非難においては間違いなどを指摘し、責めることが強調されています。一方、批判を見てみると、「物事に検討を加えて、判定・評価すること。」とあるように、ただ指摘するのではなく検討することが強調されています。

 検討するということはことばのやり取りを論理的に行うということです。一方的に相手を「責める」だけでは、「実際のところどうなのか?(事実確認)」「どうすればいいのか?(規範)」という建設的なコミュニケーションになりそうにもありません。つまり、批判は論理的・妥当的なことばのやり取りを前提として指摘することですが、非難では一方的な主張を押し付ける点で異なっているということが言えそうです。

まとめー非難ではなく批判を受け止める

 批判と非難では問題を指摘しているものに対する態度が異なることが見て取れました。言うなれば、「批判」は相手を思いやるが「非難」は自身の意見を感情的にぶつけているとも言えそうです。これは一見、似ているようでかなり異なったことばだとわかります。

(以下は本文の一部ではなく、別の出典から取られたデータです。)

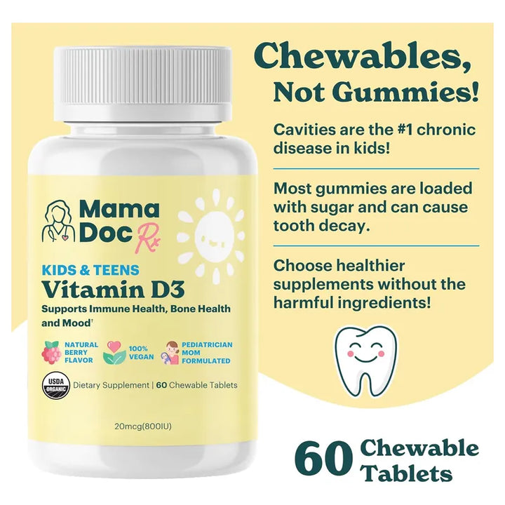 ¡Descubre una forma deliciosa y saludable de complementar la alimentación de tus hijos con MamaDoc Rx! Nuestros alimentos integrales orgánicos masticables con Vitamina D3 han sido diseñados pensando en lo que más importa: el bienestar y la salud integral de los niños y adolescentes.
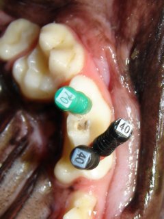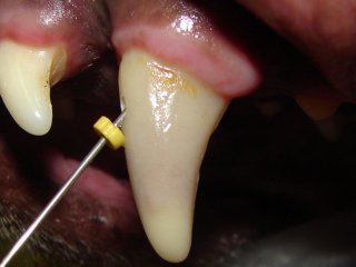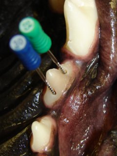 A canine tooth with purplish color change is being cleaned out with an endodontic file.
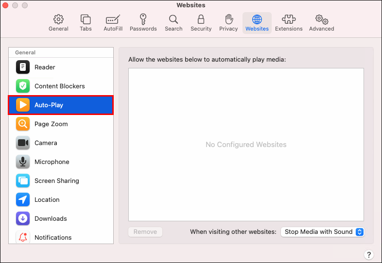 - Scroll to “Autoplay” and select “Never Play Autoplay Videos.”
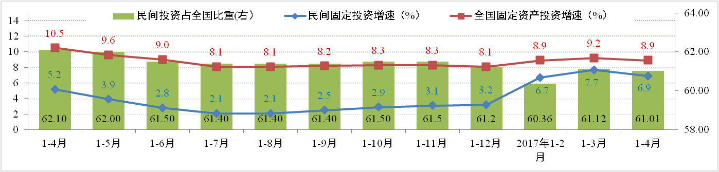 據(jù)國(guó)家統(tǒng)計(jì)局統(tǒng)計(jì)數(shù)據(jù)顯示,2017年1-4月全國(guó)固定資產(chǎn)投資(不含農(nóng)戶)14.43萬(wàn)億元,同比增長(zhǎng)8.9%,增速比一季度低0.3個(gè)百分點(diǎn)。其中全國(guó)民間固定資產(chǎn)投資8.8萬(wàn)億元,同比增長(zhǎng)6.9%,增速比1-3月份低0.8個(gè)百分點(diǎn)。民間固定資產(chǎn)投資占全國(guó)固定資產(chǎn)投資(不含農(nóng)戶)的比重為61%。
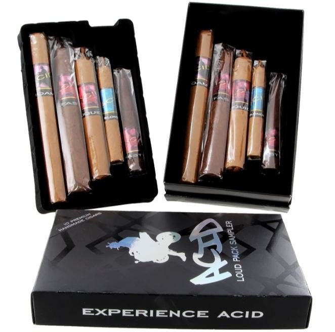 Acid Loud Pack Sampler is loudest selection of Acid cigars yet! Each Acid cigar explores different curing and fermenting techniques that are closely guarded by Drew Estate. Each blend is unique with proprietary essential oil blends that have unique aromatic characteristics.

 この世にはどこか矛盾していることが往々にしてあります。学問といえどもでもそのおかしなところを完全に拭いきれていません。論理を突き詰めると、数学ですらすべてを統一できるような完璧なもの早々あるといえない。

 もしそうなのだとしたら、ただ自分の主張を声高らかに叫ぶのではなく、まずはどうしておかしいと思うのか丁寧に指摘すること、その上でより良いものを目指してコミュニケーションする姿勢も大切です。

 誰しも完ぺきではないと受け止めることから始まる有益な批判に自分自身、耳を傾けていきたいですし、そうしたことを言えるようにもしていきたいと思うのでした。では!